Problem description: Exactly the lines from the beginning of the records to the line with "Linus Ullmark sort", both ends included, are to be given again, and pictures are to be left out.
++++ Data to use
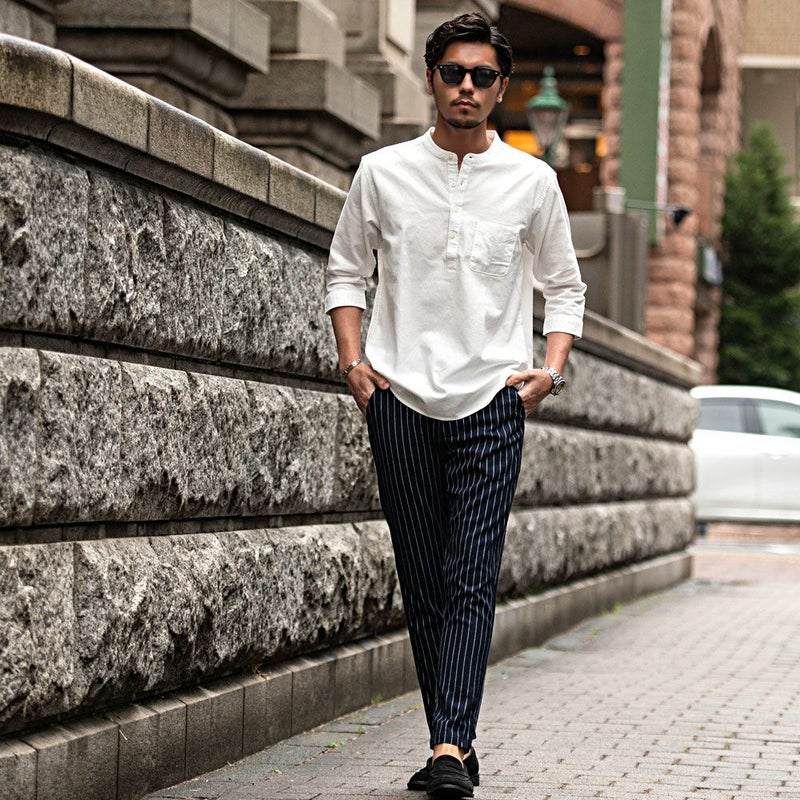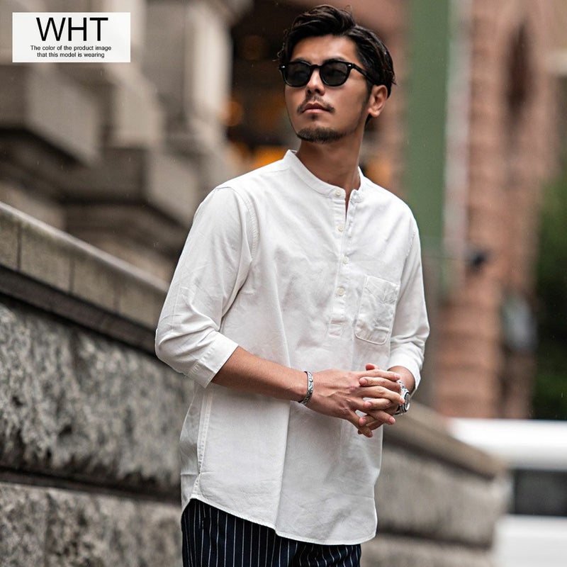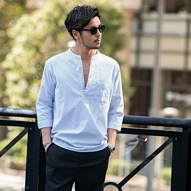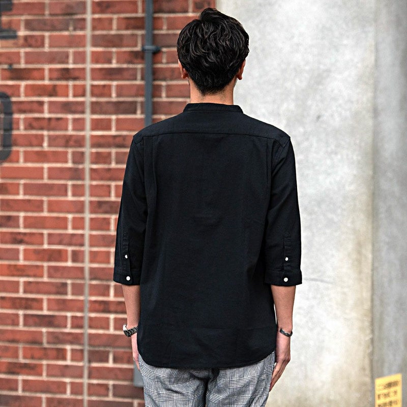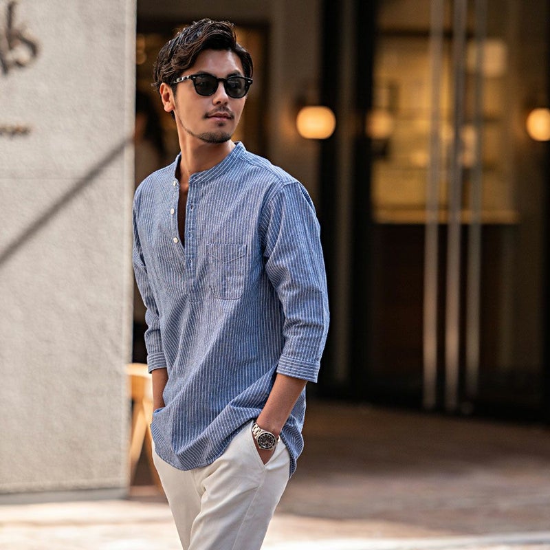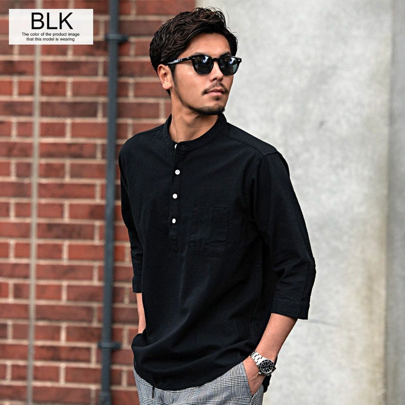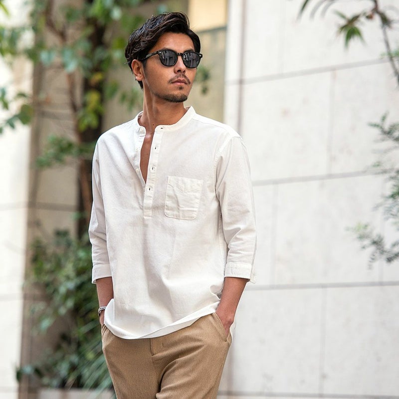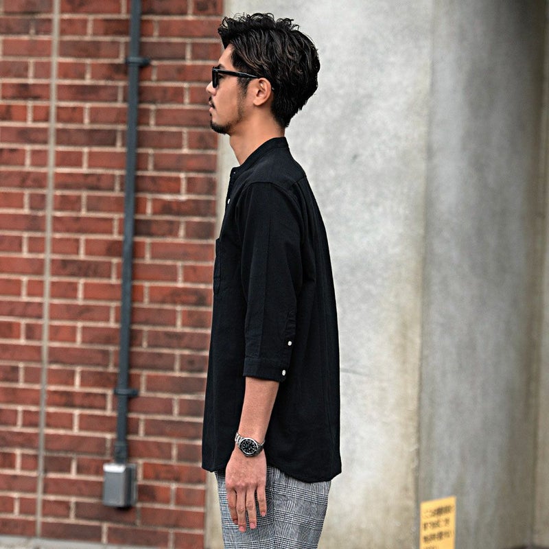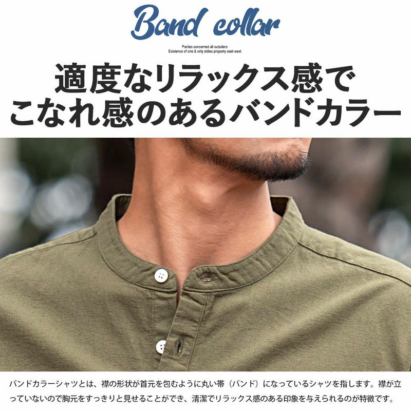 バンドカラーシャツとは、襟の形状が首元を包むように丸い帯(バンド)になっているシャツを指します。
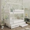 Łóżko Domek Iga wyróżnia się nie tylko swoim urokiem i oryginalnym designem, ale również praktycznymi rozwiązaniami. W zestawie znajdują się dwa schowki na pościel, które zapewniają dodatkową przestrzeń do przechowywania, pomagając utrzymać porządek w pokoju dziecka. Schowki te doskonale sprawdzą się na pościel, koce czy zabawki, a ich umiejscowienie pozwala na łatwy dostęp do nich. Łóżko oferuje również trzy miejsca do spania, co czyni je doskonałym rozwiązaniem dla rodzin z kilkorgiem dzieci lub do wykorzystania podczas odwiedzin gości.
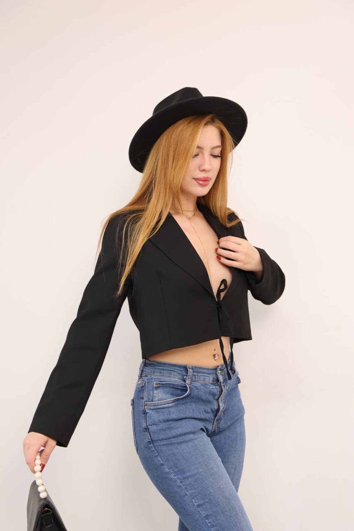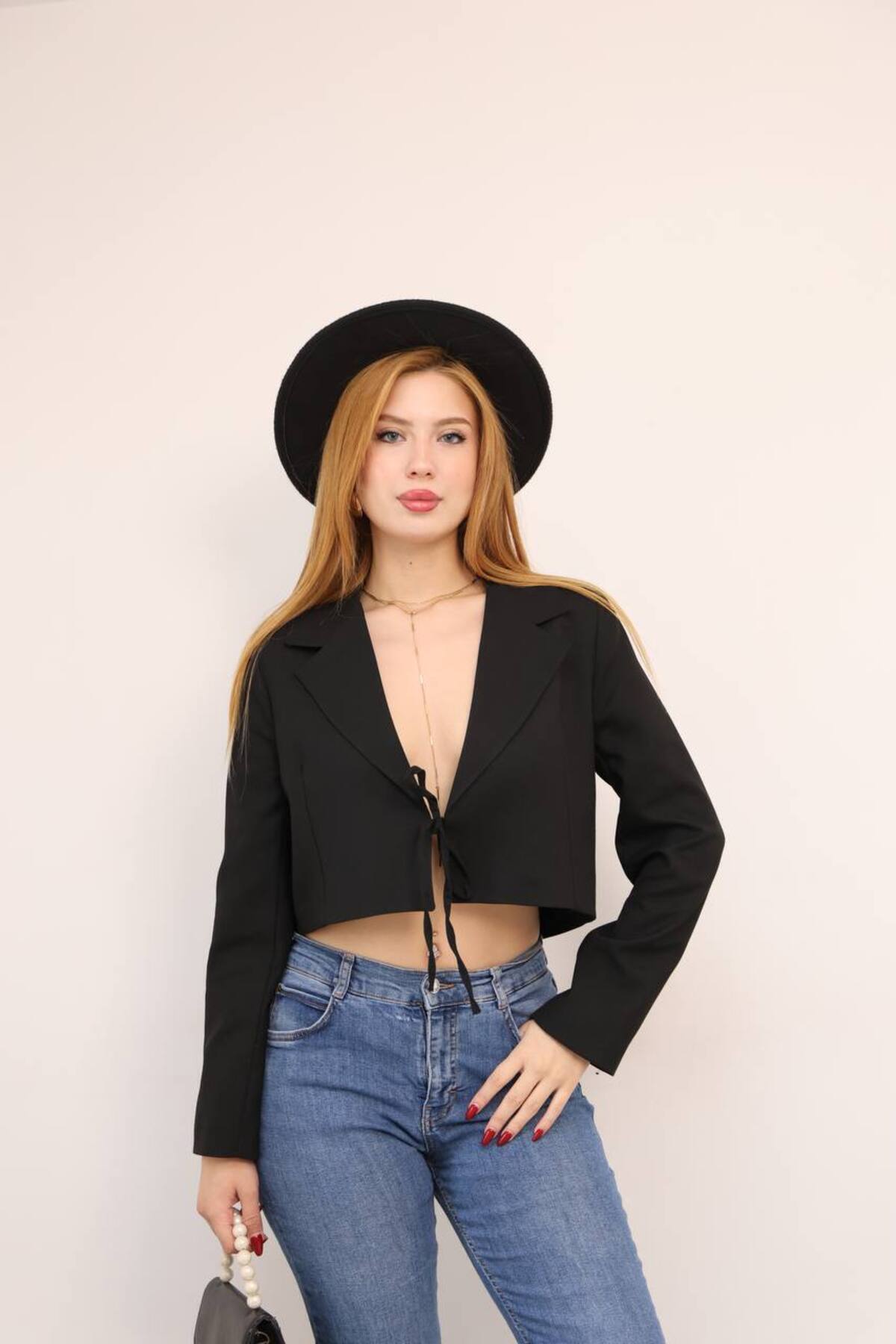 Kadın Rahat Kalıp Önden Bağlama Detaylı Bağcıklı Crop Ceket Kadın Rahat Kalıp Önden Bağlama Detaylı Bağcıklı Crop Ceket gmyl-cropceket L
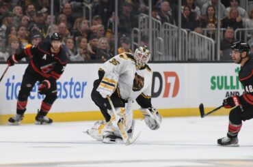 Linus Ullmark sort du filet à 64 pieds pour jouer la rondelle et réussit à dégager la zone.
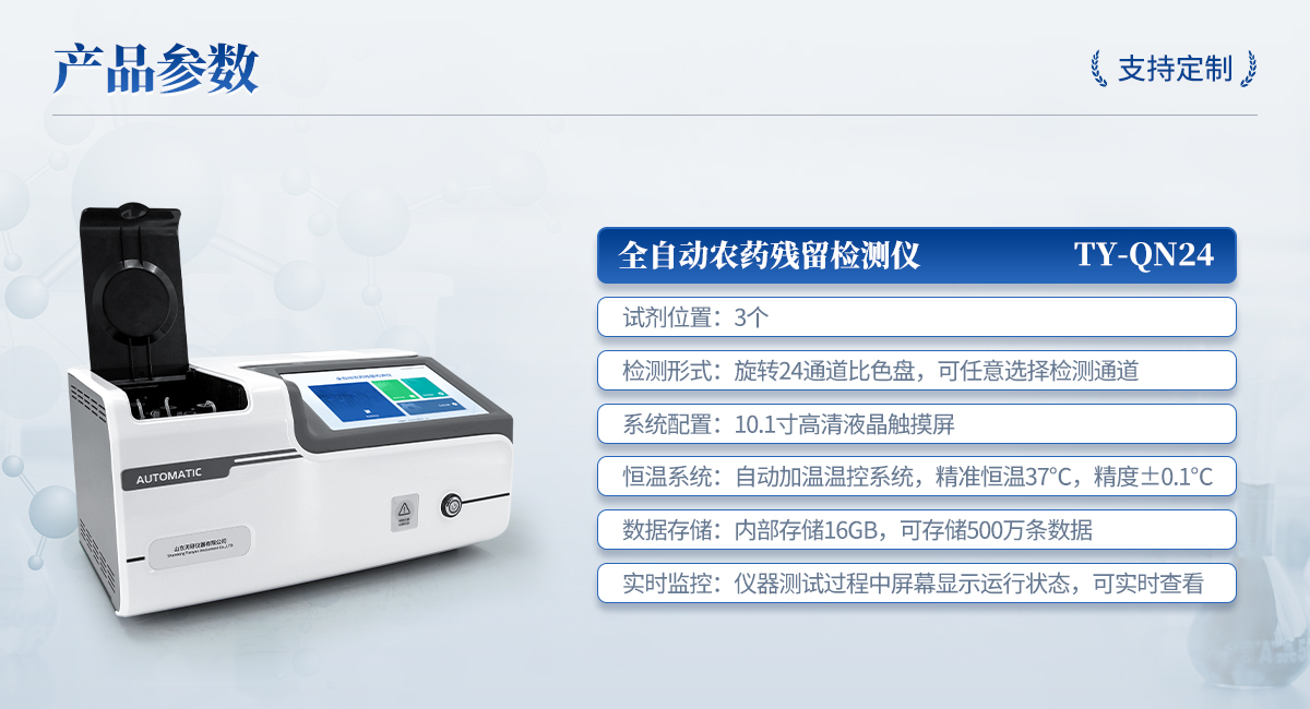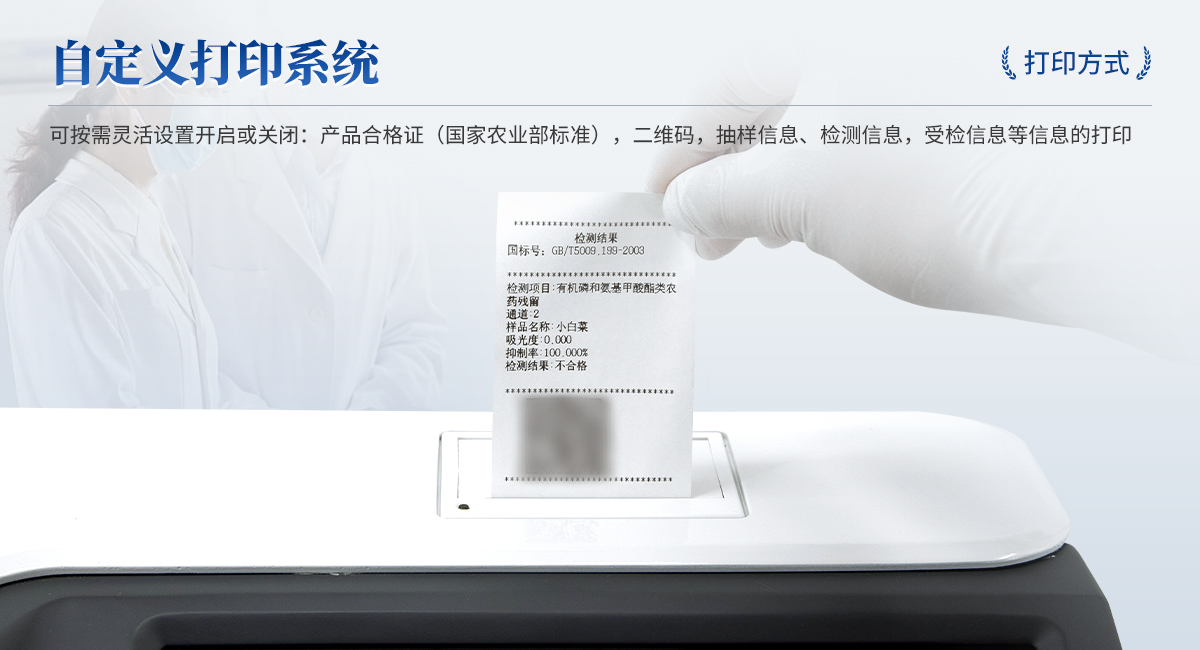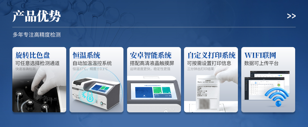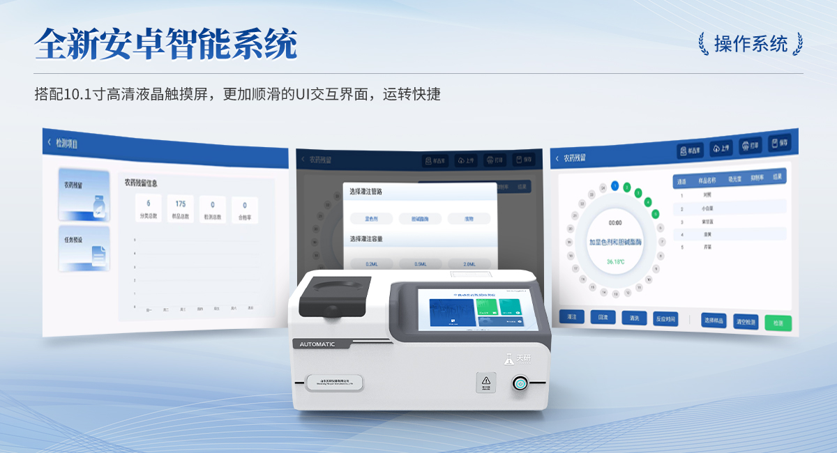| 1. 試劑位置:3個(gè) | 2. 檢測(cè)形式:旋轉(zhuǎn)24通道比色盤,可任意選擇檢測(cè)通道,自動(dòng)對(duì)應(yīng)選擇通道。 | 3. 系統(tǒng)配置:10.1寸高清液晶觸摸屏,采用ARM Cortex?-A7,RK3288/4核處理器,運(yùn)行內(nèi)存1GB。Android7.1.1 系統(tǒng)分辨率1280×800。 | 4.恒溫系統(tǒng):具有自動(dòng)加溫溫控系統(tǒng),精準(zhǔn)恒溫37℃,精度±0.1℃。 | 5.添加系統(tǒng):儀器按照試劑要求自動(dòng)、按時(shí)、按量加入試劑,并且自動(dòng)對(duì)未正常放置的樣本或異常的樣本進(jìn)行檢查并提示。 | 6.清洗功能:儀器具備回流及自動(dòng)清洗管路功能,避免試劑污染。 | 7.混勻功能:設(shè)備具備自動(dòng)混勻功能。 | 8.光源校準(zhǔn):設(shè)備可自動(dòng)校準(zhǔn),確保檢測(cè)準(zhǔn)確度。 | 9.實(shí)時(shí)監(jiān)控:儀器測(cè)試過(guò)程中屏幕顯示運(yùn)行狀態(tài),可實(shí)時(shí)查看。 | 10.數(shù)據(jù)存儲(chǔ):內(nèi)部存儲(chǔ)16GB,可存儲(chǔ)500萬(wàn)條數(shù)據(jù)。 | 11.樣品多選功能:設(shè)備具備樣品一鍵多選功能,選擇樣品自動(dòng)匹配檢測(cè)通道。 | 12.項(xiàng)目預(yù)設(shè):可提前設(shè)置單個(gè)及多個(gè)相同或不相同的檢測(cè)任務(wù),可單次或者多次調(diào)取,減少檢測(cè)時(shí)間。 | 13.自定義打印系統(tǒng):內(nèi)置自定義打印系統(tǒng),可按需靈活設(shè)置開(kāi)啟或關(guān)閉:產(chǎn)品合格證(國(guó)家農(nóng)業(yè)部標(biāo)準(zhǔn)),二維碼,抽樣信息、檢測(cè)信息,受檢信息等信息的打印。 | 14.A4版本報(bào)告打印功能:設(shè)備可自動(dòng)生成A4版報(bào)告,A4報(bào)告帶二維碼,可掃描二維碼生成電子版,并可識(shí)別真?zhèn)巍?/td> | 15.傳輸方式:儀器配備無(wú)線通信模塊: 4G(APN)通訊模塊、Wifi模塊,藍(lán)牙傳輸模塊,同時(shí)具有USB接口以及RJ45接口能以多種方式實(shí)現(xiàn)數(shù)據(jù)保存和數(shù)據(jù)傳輸功能,設(shè)備數(shù)據(jù)可以同步上傳至平臺(tái)。 | 16.數(shù)據(jù)監(jiān)管系統(tǒng):設(shè)備自帶監(jiān)管平臺(tái),并可同步對(duì)接監(jiān)管平臺(tái),數(shù)據(jù)可局域網(wǎng)和互聯(lián)網(wǎng)數(shù)據(jù)上傳,檢測(cè)結(jié)果可直接傳至食品安全監(jiān)管平臺(tái)。達(dá)到食品安全問(wèn)題預(yù)估、預(yù)警。 | 17.系統(tǒng)遠(yuǎn)程更新功能:無(wú)需設(shè)備返廠,即可遠(yuǎn)程實(shí)時(shí)升級(jí)全新系統(tǒng),節(jié)省時(shí)間成本及避免運(yùn)輸造成設(shè)備損。 |
++++++++
Response below:
 バンドカラーシャツとは、襟の形状が首元を包むように丸い帯(バンド)になっているシャツを指します。
 Łóżko Domek Iga wyróżnia się nie tylko swoim urokiem i oryginalnym designem, ale również praktycznymi rozwiązaniami. W zestawie znajdują się dwa schowki na pościel, które zapewniają dodatkową przestrzeń do przechowywania, pomagając utrzymać porządek w pokoju dziecka. Schowki te doskonale sprawdzą się na pościel, koce czy zabawki, a ich umiejscowienie pozwala na łatwy dostęp do nich. Łóżko oferuje również trzy miejsca do spania, co czyni je doskonałym rozwiązaniem dla rodzin z kilkorgiem dzieci lub do wykorzystania podczas odwiedzin gości.
 Kadın Rahat Kalıp Önden Bağlama Detaylı Bağcıklı Crop Ceket Kadın Rahat Kalıp Önden Bağlama Detaylı Bağcıklı Crop Ceket gmyl-cropceket L
 Linus Ullmark sort du filet à 64 pieds pour jouer la rondelle et réussit à dégager la zone.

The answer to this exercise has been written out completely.